**EXERCISE BRIEF**
What should be copied is the stretch of entries below from the line with "Radaris will not" up to and including the line with "context menu of", exactly and without images.

——

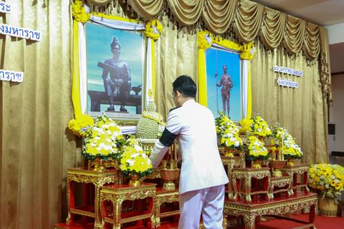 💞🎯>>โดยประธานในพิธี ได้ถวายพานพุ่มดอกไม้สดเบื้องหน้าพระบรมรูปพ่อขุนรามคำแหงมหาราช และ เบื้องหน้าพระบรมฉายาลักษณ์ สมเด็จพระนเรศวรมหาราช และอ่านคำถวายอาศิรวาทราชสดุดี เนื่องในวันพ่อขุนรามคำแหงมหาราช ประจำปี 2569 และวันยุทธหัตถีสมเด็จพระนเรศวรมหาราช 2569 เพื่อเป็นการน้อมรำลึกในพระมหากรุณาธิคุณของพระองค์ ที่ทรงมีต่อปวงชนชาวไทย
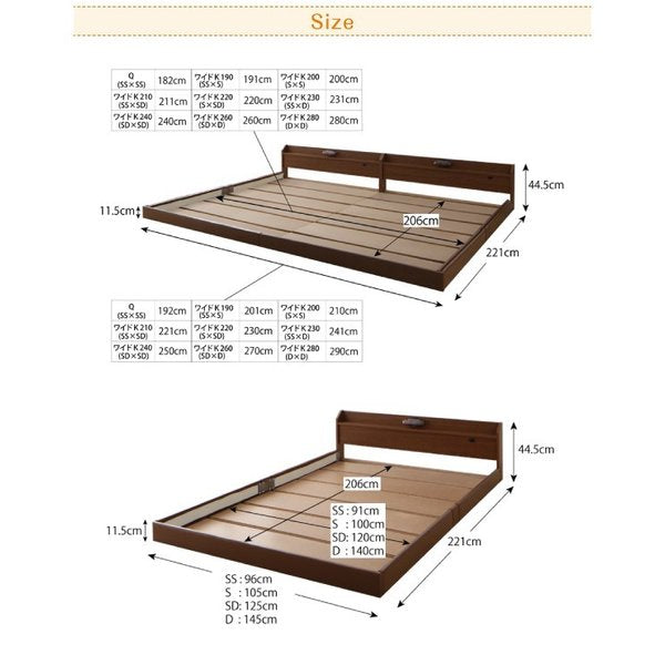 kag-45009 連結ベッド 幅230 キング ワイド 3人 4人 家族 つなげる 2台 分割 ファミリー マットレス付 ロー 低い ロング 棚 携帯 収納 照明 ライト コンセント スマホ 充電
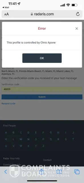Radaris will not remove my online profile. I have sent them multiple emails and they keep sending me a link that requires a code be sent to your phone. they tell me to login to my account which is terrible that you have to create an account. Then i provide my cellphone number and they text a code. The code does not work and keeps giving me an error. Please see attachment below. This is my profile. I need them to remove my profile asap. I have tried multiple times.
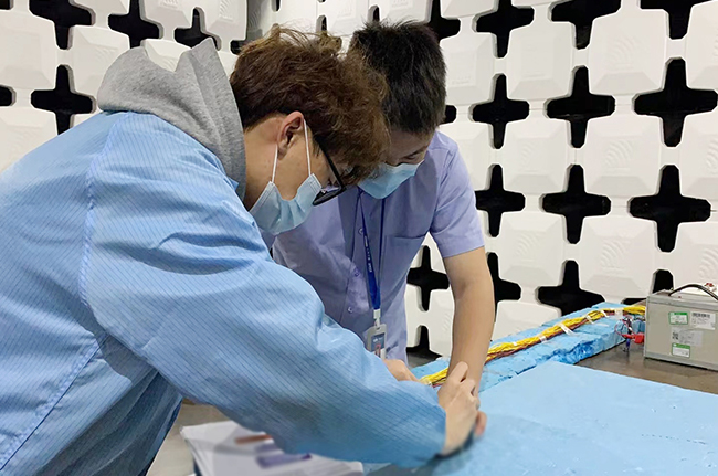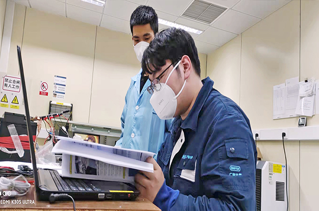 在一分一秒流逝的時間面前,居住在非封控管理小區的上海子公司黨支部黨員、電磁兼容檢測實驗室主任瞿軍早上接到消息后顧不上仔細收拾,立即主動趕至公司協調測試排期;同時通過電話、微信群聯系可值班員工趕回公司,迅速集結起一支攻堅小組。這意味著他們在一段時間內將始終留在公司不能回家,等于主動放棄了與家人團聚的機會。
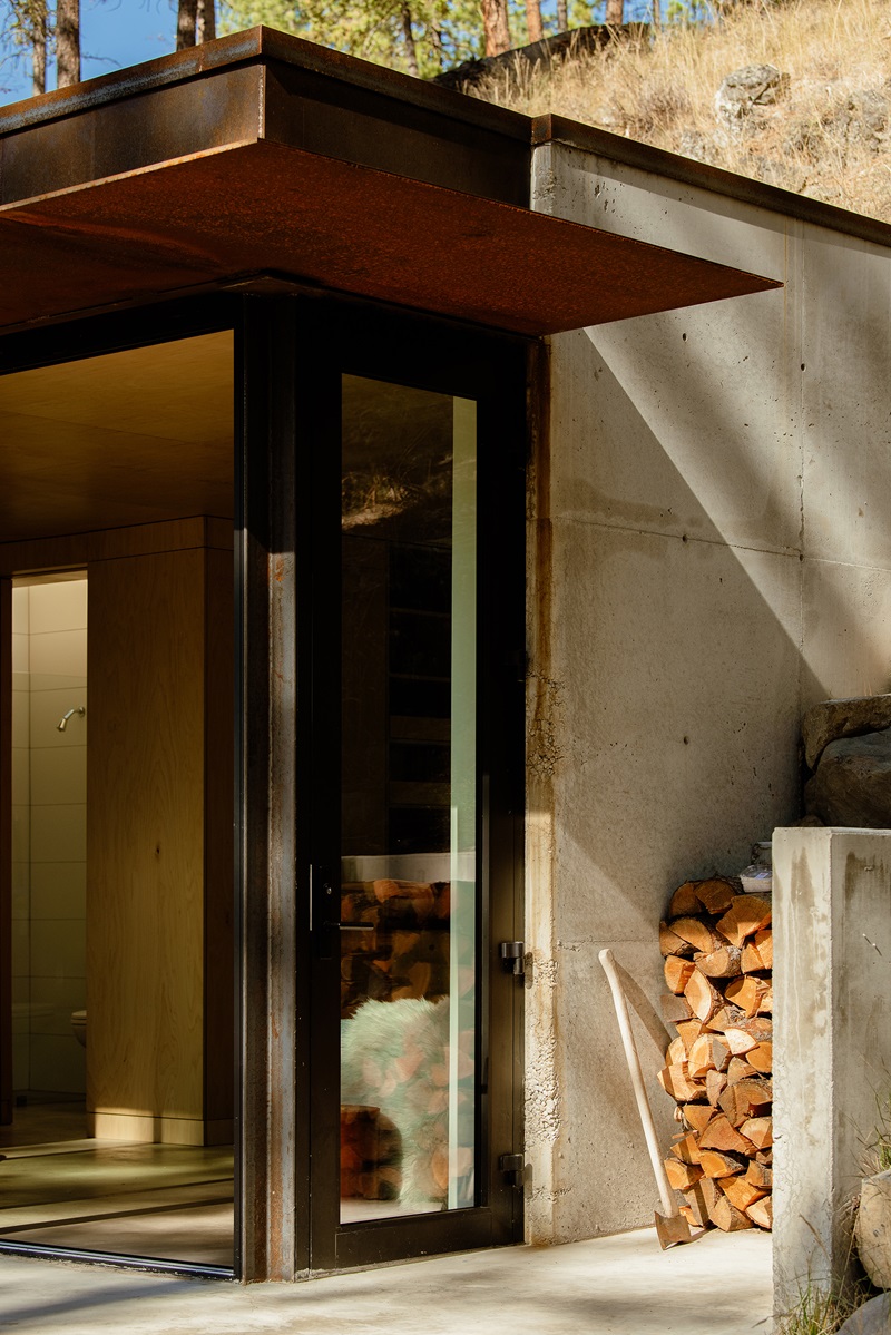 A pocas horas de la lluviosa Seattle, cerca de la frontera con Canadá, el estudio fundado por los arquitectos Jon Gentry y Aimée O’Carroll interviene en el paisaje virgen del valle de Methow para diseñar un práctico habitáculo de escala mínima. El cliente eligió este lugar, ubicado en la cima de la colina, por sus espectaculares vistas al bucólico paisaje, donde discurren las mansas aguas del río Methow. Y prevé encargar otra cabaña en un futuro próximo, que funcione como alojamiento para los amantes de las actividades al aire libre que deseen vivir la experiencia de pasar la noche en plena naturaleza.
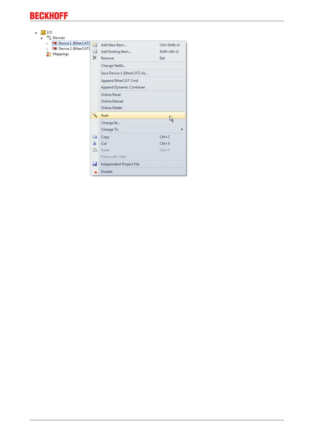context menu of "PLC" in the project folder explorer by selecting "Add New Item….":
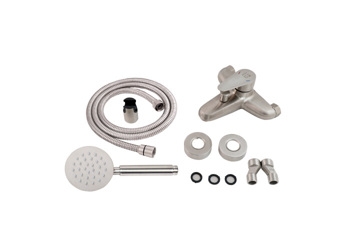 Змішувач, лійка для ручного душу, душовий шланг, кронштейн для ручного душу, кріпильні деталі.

——

**WORKED SOLUTION**
Radaris will not remove my online profile. I have sent them multiple emails and they keep sending me a link that requires a code be sent to your phone. they tell me to login to my account which is terrible that you have to create an account. Then i provide my cellphone number and they text a code. The code does not work and keeps giving me an error. Please see attachment below. This is my profile. I need them to remove my profile asap. I have tried multiple times.
 在一分一秒流逝的時間面前,居住在非封控管理小區的上海子公司黨支部黨員、電磁兼容檢測實驗室主任瞿軍早上接到消息后顧不上仔細收拾,立即主動趕至公司協調測試排期;同時通過電話、微信群聯系可值班員工趕回公司,迅速集結起一支攻堅小組。這意味著他們在一段時間內將始終留在公司不能回家,等于主動放棄了與家人團聚的機會。
 A pocas horas de la lluviosa Seattle, cerca de la frontera con Canadá, el estudio fundado por los arquitectos Jon Gentry y Aimée O’Carroll interviene en el paisaje virgen del valle de Methow para diseñar un práctico habitáculo de escala mínima. El cliente eligió este lugar, ubicado en la cima de la colina, por sus espectaculares vistas al bucólico paisaje, donde discurren las mansas aguas del río Methow. Y prevé encargar otra cabaña en un futuro próximo, que funcione como alojamiento para los amantes de las actividades al aire libre que deseen vivir la experiencia de pasar la noche en plena naturaleza.
context menu of "PLC" in the project folder explorer by selecting "Add New Item….":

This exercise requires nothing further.